Once again, I post this for one of my partners because he can't hear me lalalalalala...
The conversation in Wednesday night's chat made its way to Bob Barker's retirement (again), but as usual, it doesn't take much to send these people off into their own little world.
EasyEW: When is Bob Barker leaving again?
KelvinNYC: August, I think.
EasyEW: That'll be a day to save
KelvinNYC: I'm sure Howie Mandel has already been approached to do the show since TV execs can't see beyond current game show hosts for another game show.
EasyEW: aw nononono
EasyEW: Howie's just not a good fit
KelvinNYC: or John McEnroe
EasyEW: STOP IT
Ska: $800 FOR A TOASTER
EasyEW: that just HURTS
Ska: ARE YOU SERIOUS
Ska: YOU CANNOT BE SERIOUS
KelvinNYC: LET'S PLAY... GOLD CASE!
KelvinNYC: That one!
KelvinNYC: btw... Mountain Climber is easy as f**k to win
Ska: I dunno, now I really want McEnroe to host
KelvinNYC: and bam, you've won
KelvinNYC: Ten Chances, hosted by Mac would rule.
Ska: or Jack Bauer
KelvinNYC: Toaster: 4 2 0
Ska: TELL ME HOW MUCH THE CAR IS
Ska: TELL ME!
Ska shoots contestant in knee
Contestant: I DON'T KNOW
Contestant: PLEASE STOP
JackBauer: WRONG ANSWER
JackBauer pulls cord out from $28 floor lamp
JackBauer walks menacingly toward contestant
JackBauer: That's what the Chinese told you to say.

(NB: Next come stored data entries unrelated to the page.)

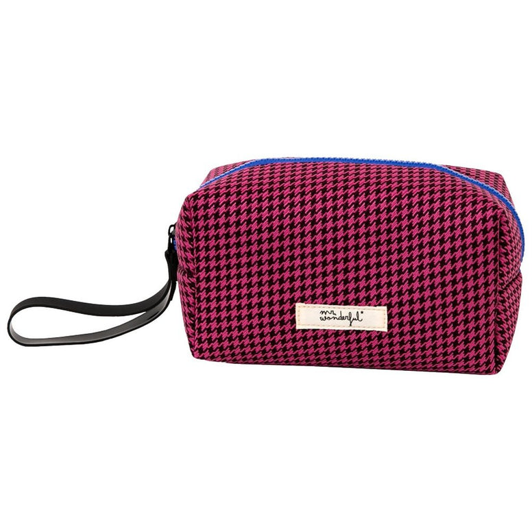 Una pochette in poliestere con chiusura a zip e pratico tiretto da polso, ideale per avere tutto a portata di mano. La fantasia pied de poule e i colori vivaci la rendono un accessorio originale e pieno di carattere.
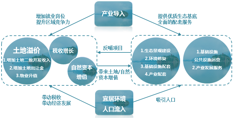 总结来说,EOD项目操作模式就是通过生态网络建设、环境修复、基础设施配套以及产业配套建设促使该区域及周边的土地升值,并为产业引入和人口流入提供良好的生态基底;一方面以产业发展增加居民收入、企业的利润和政府的税收;另一方面依靠人口流入带来政府税收的增加及区域经济的发展。最终实现生态建设、经济发展、社会生活三者协调发展。
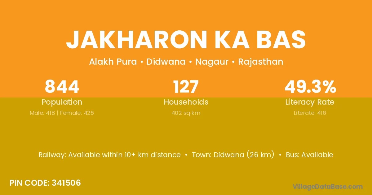 Jakharon Ka Bas village has a total population of 844 people, of which 418 are males and 426 are females.

Contestant: NO... I SWEAR IT'S NOT
Contestant: PLEASE... I HAVE A FAMILY
JackBauer pulls back the $24,580 card
JackBauer: AND THEY WERE RIGHT!
JackBauer: CONGRATULATIONS, ENJOY YOUR NEW CONVERTIBLE!
Contestant: THANK YOU JACK!!!
JackBauer: Oh, it's rigged with a tactical nuke set to go off in 45 seconds.
Contestant runs off
Contestant: wait, what?
Contestant: YOU SONOFA
Ska takes a bow
KelvinNYC: and scene
And yes, we talk in stage directions. Doesn't everybody?